** EXTRACTED MATERIAL follows **

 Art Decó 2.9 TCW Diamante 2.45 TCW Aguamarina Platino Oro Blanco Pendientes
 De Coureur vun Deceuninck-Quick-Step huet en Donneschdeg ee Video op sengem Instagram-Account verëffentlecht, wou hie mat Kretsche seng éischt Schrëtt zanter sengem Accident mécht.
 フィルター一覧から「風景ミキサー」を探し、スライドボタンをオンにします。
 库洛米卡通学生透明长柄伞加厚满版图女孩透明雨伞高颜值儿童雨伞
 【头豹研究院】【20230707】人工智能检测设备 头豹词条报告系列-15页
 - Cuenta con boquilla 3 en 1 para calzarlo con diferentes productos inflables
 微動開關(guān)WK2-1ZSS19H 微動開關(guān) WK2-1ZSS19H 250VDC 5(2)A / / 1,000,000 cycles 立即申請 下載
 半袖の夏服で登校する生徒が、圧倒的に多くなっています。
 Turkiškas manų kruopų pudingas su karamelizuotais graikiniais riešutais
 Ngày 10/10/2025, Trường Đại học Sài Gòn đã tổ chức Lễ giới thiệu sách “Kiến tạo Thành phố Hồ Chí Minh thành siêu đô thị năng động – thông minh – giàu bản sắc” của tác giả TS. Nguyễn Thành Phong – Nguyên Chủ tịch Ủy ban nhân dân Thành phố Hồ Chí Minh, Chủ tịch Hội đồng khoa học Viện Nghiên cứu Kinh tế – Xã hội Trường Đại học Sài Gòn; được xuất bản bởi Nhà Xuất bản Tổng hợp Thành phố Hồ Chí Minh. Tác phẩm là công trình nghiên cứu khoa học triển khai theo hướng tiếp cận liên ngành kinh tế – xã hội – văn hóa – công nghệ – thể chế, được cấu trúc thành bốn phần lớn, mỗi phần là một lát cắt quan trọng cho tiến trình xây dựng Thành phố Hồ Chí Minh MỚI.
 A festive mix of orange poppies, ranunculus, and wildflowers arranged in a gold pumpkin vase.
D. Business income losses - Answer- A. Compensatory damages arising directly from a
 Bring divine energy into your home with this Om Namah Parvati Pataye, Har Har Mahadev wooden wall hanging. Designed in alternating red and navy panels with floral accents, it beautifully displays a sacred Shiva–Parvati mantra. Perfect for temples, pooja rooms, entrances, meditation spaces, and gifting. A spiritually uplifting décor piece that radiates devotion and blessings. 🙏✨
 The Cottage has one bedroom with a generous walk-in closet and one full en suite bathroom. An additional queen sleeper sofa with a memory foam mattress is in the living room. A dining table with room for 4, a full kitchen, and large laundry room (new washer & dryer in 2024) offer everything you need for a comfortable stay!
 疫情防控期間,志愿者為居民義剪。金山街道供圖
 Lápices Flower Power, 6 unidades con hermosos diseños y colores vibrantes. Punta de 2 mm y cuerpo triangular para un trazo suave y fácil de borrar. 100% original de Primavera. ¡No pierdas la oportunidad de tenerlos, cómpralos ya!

** End of EXTRACTED MATERIAL **

--- WHAT YOU SHOULD DO ---
Lines holding "para" in the data above: copy each of them.

--- OUTPUT OF THE EXERCISE ---
 - Cuenta con boquilla 3 en 1 para calzarlo con diferentes productos inflables
 Lápices Flower Power, 6 unidades con hermosos diseños y colores vibrantes. Punta de 2 mm y cuerpo triangular para un trazo suave y fácil de borrar. 100% original de Primavera. ¡No pierdas la oportunidad de tenerlos, cómpralos ya!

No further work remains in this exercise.